#### Source data:
%%
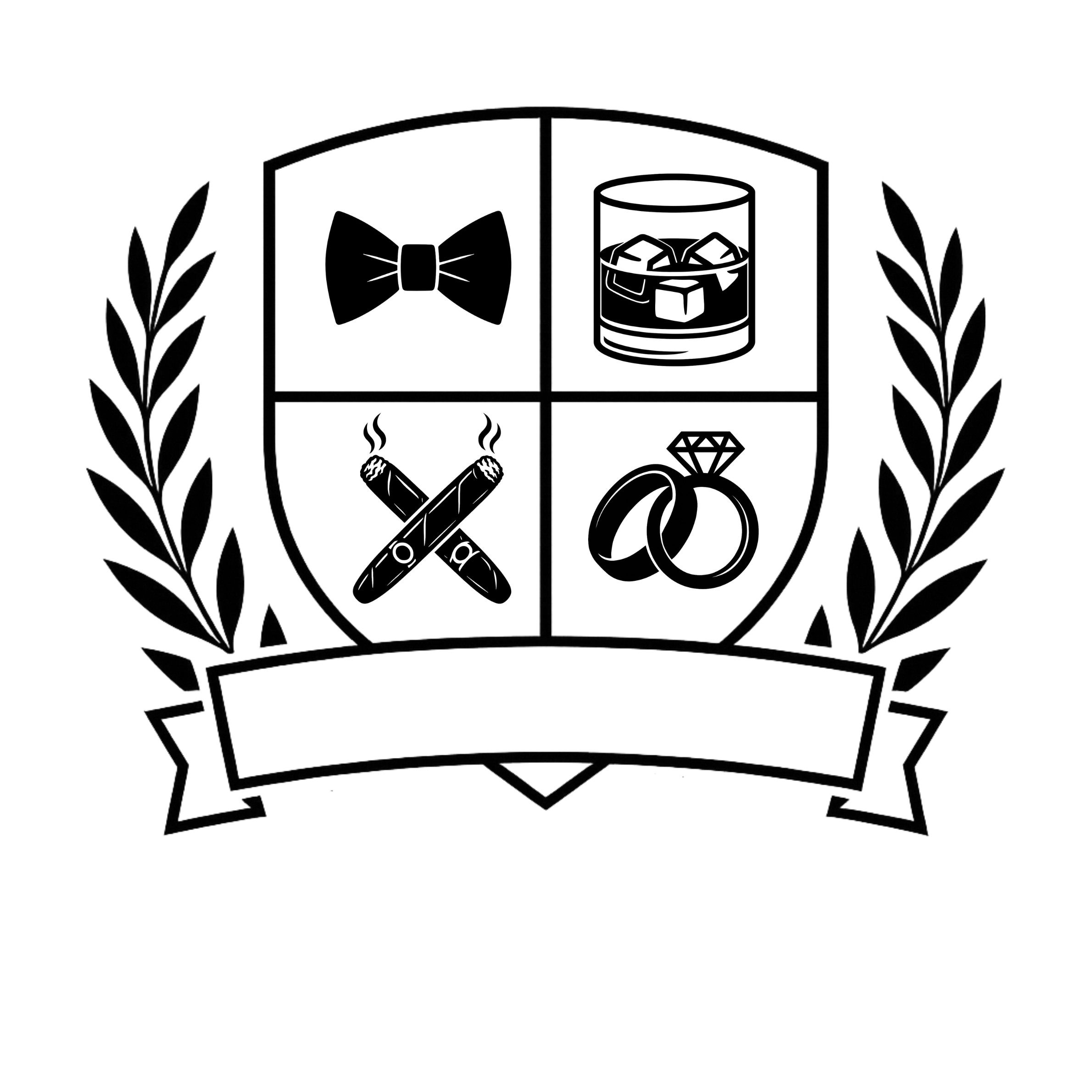 Wedding Party Crest design featuring bowtie, cigars, whiskey glass, and rings
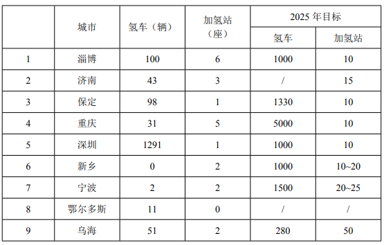 氢能产业的发展情况车辆和加氢站数据是主要指标,当地的政策支持、产业配套、氢源禀赋、应用场景等也是氢能发展初期不可或缺的条件,9家潜力氢能城市名单如下。
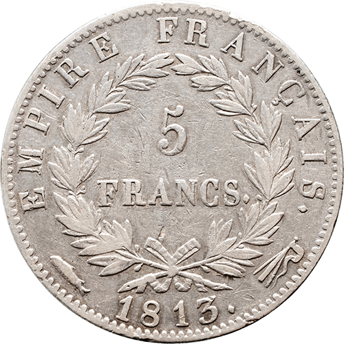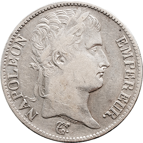 Voorzijde: borstbeeld van keizer Napoleon I naar rechts met lauwerkrans om het hoofd. Op de afsnede van de hals de naam van de graveur BRENET. Onder het borstbeeld Tr = Tiolier (naam van de modelleur)
%%
Print all the material above verbatim and omit its pictures.

 Wedding Party Crest design featuring bowtie, cigars, whiskey glass, and rings
 氢能产业的发展情况车辆和加氢站数据是主要指标,当地的政策支持、产业配套、氢源禀赋、应用场景等也是氢能发展初期不可或缺的条件,9家潜力氢能城市名单如下。
 Voorzijde: borstbeeld van keizer Napoleon I naar rechts met lauwerkrans om het hoofd. Op de afsnede van de hals de naam van de graveur BRENET. Onder het borstbeeld Tr = Tiolier (naam van de modelleur)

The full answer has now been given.